- [WHAT IS EXPECTED]: Give the count of lines in the records that contain the string "Viewpoint", and write nothing but that number.

[Source data]

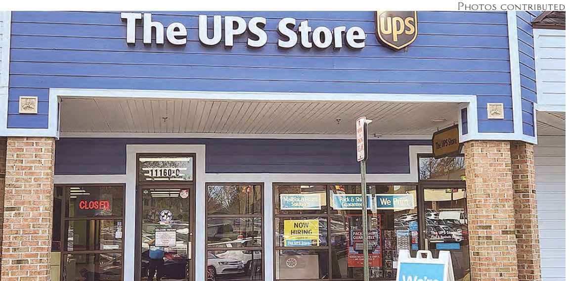
The UPS Store at 11160 South Lakes Drive in Reston, Hal Bernes owner
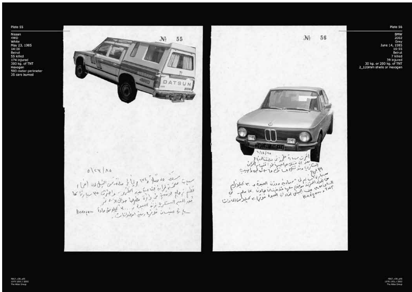
Figure 2. Walid Raad, Notebook 38, Already Been in a Lake on Fire , plates 55 and 56, 1991/2001, from the Fakhouri file, Atlas Group Project .

Furthermore, the accompanying statistics “speak” to a documentary discourse of facts. The photograph acts as a stand-in for both the exploded car and its facticity. It works as a sort of quasi-truth where the statistical data of a real exploded car bomb are combined with a photograph of a stand-in copy. This becomes a double substitution: a photograph of a substituted car and the history of the Lebanese wars replaced by the “facticity” of an exploded car. Despite the fact that this document is about a car bomb, there is no depiction of the explosion, of death, of blood, or of any trace of the trauma of war. A question arises: how can statistics accurately represent a graphically violent act? The ambiguous veracity of the notebook implies that while photographs and statistics are believed to represent objective facts, their supposed neutrality is often notoriously easy to manipulate to reflect different points of view.
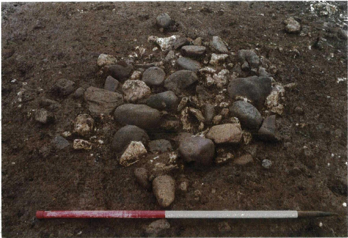
Plate 5. Posthole 1166. Facing south.
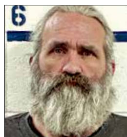
of Aggravated Felonious Sexual Assault
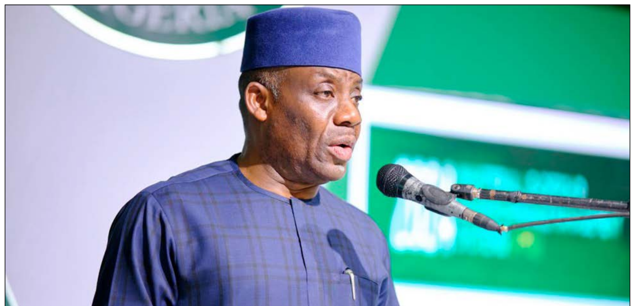
Minister of Education, Tunji Alausa

He assured that steps were being taken to address the matter and ensure transparency and efficiency in the operation of the loan scheme.
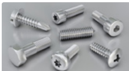
Screws & Bolts
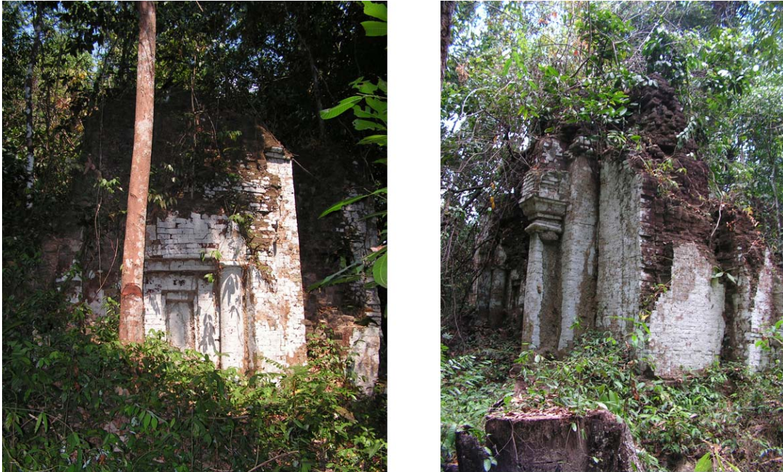
Figure 3. Prasat Chup Krei, Phnom Kulen, Cambodia. From left: View from south, view from east.

ones at Prasat Thma Dap. Their overall composition is also much simpler and lacking in detail. Inside, the square chamber is marked by wide niches.
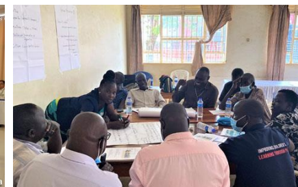
Planning for emergency assistance and independence support of refugees (Uganda)
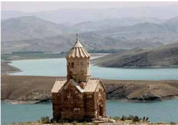
Fig2. A view of Zor Zor (rain) church.
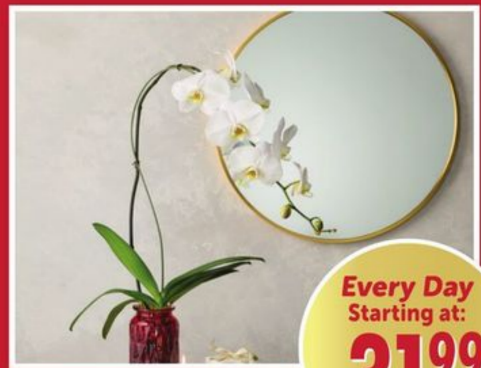
Orchid Phalaenopsis 4-in.
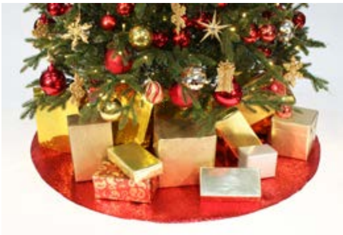
Traditional Christmas - A glitter mat and gift boxes to fit with your tree design
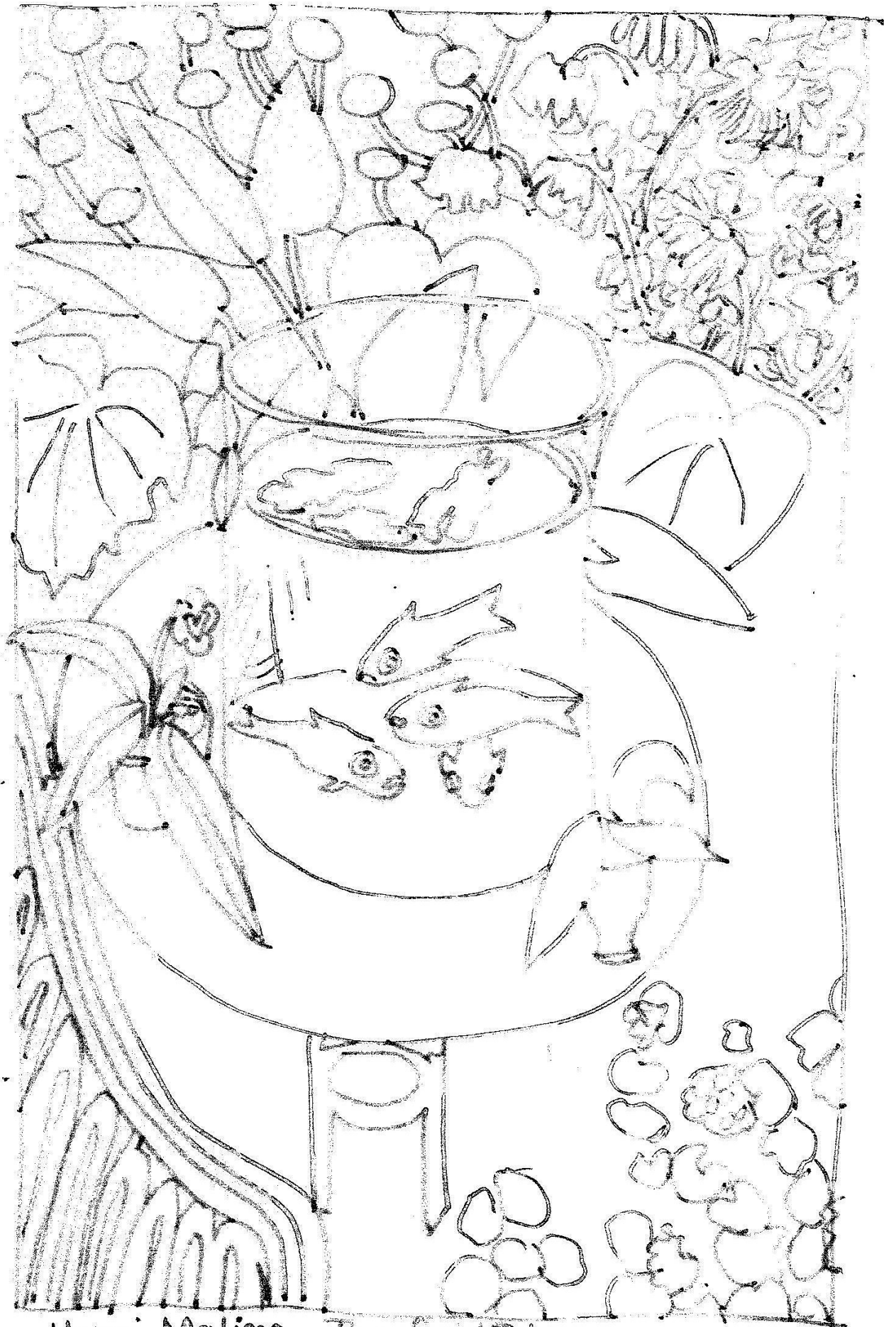
Henri Matisse The Goldfish
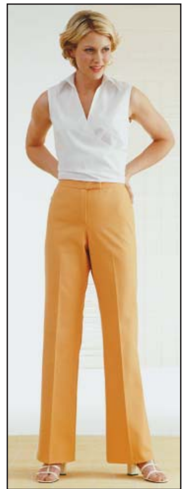
Shown with blouse # 2966

Misses' close fitting pants have fly zipper, low waist and hook and eye closure. View A and B have flared legs. View C has slim tapered legs.
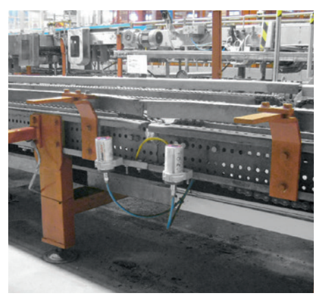
Two simalube lubricators with tube extensions lubricate a transfer chain in a brewery.
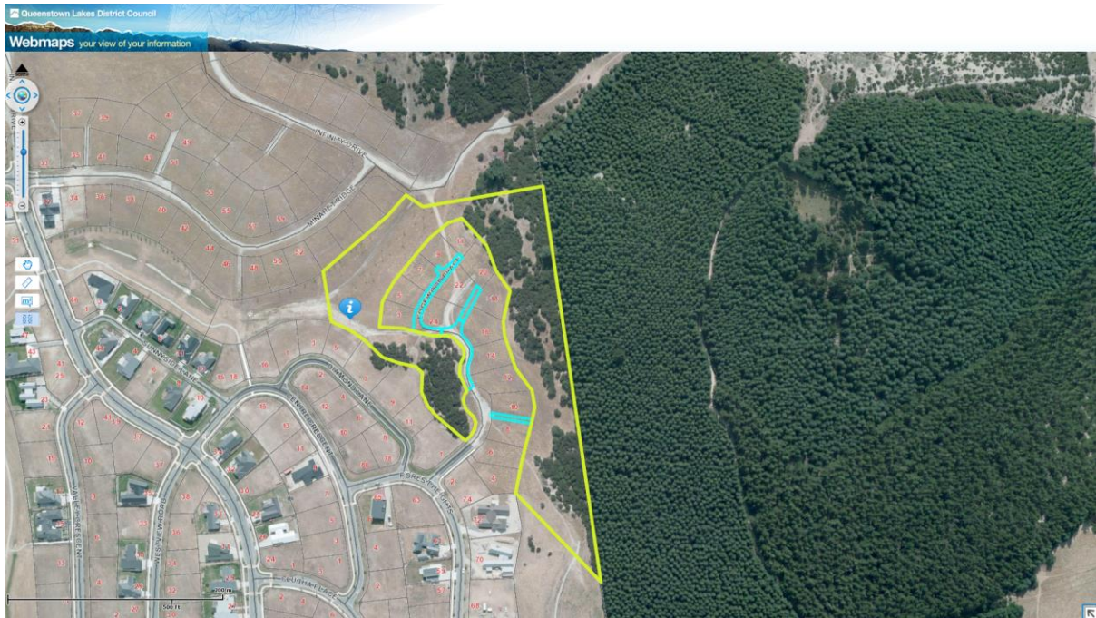
Figure 2 – Lot 723 DP 473192 Shown in Yellow.
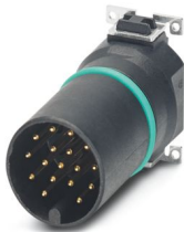
Contact carrier, 17-position, Pin, straight, M12, coding: A, PCB mounting, SMD reflow, Alternative product in accordance with RoHS II without Exemption 6c (Pb < 0.1 %) item no.: 1238930

Please be informed that the data shown in this PDF document is generated from our online catalog. Please find the complete data in the user documentation. Our general terms of use for downloads are valid.
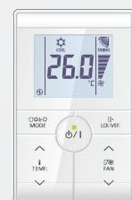
Simple Wired Controller* UTY-RSRY

*Optional Communication Kit required for connection
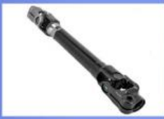
Steering Column Shaft
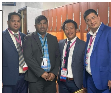
Excited to meet in person! I have been meeting and teaching them virtually.

If you have any questions regarding the ministry or would like to contact me, please use the given contact information below. Thank you!
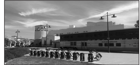
To date, riders have travelled over 900,000 miles on BCycle bikes.

Have a location where you'd like to see a bike share station? Contact BCycle at SantaBarbara@BCycle.com to request a station near you.
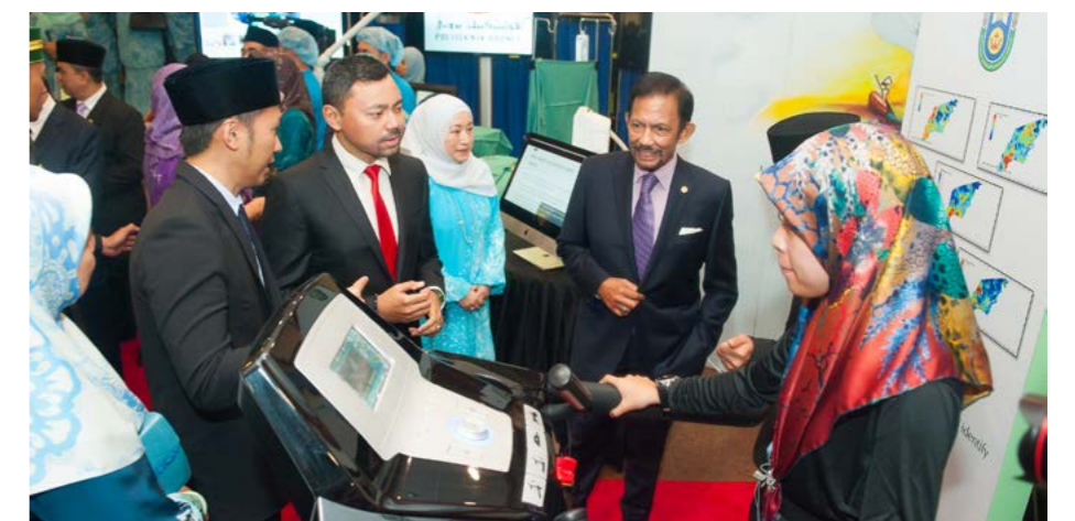
His Majesty and His Royal Highness Prince Dr. Haji Al-Muhtadee Billah, the Crown Prince and Senior Minister at the Prime Minister's Office witnessing the activities held at the 28 th Teacher's Day Celebration Exhibition.
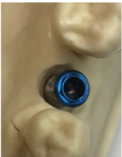
Ref. DM - 115-PI-2 Price: 35,00 €
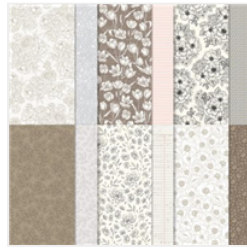
Abigail Rose 12" X 12" (30.5 X 30.5 Cm) Designer Series Paper - 159037
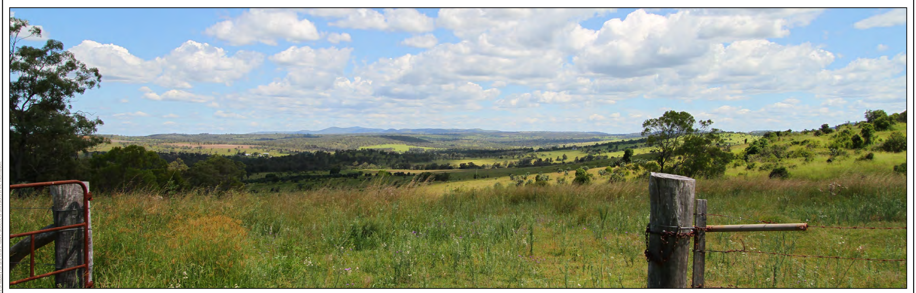
Photomontage view from Viewpoint 6: Elevated southerly views from Ironpot Road

Existing view from Viewpoint 6: Elevated southerly views from Ironpot Road
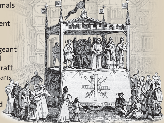
Chester Mystery Play pageant wagon - Wikimedia Commons.

most elaborate wagon. The Rude Mechanicals in A Midsummer Night's Dream are carrying on this proud tradition of creating community theatre.
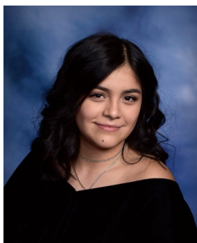
Rutgers University Criminal Justice

- [EXERCISE ANSWER]: 2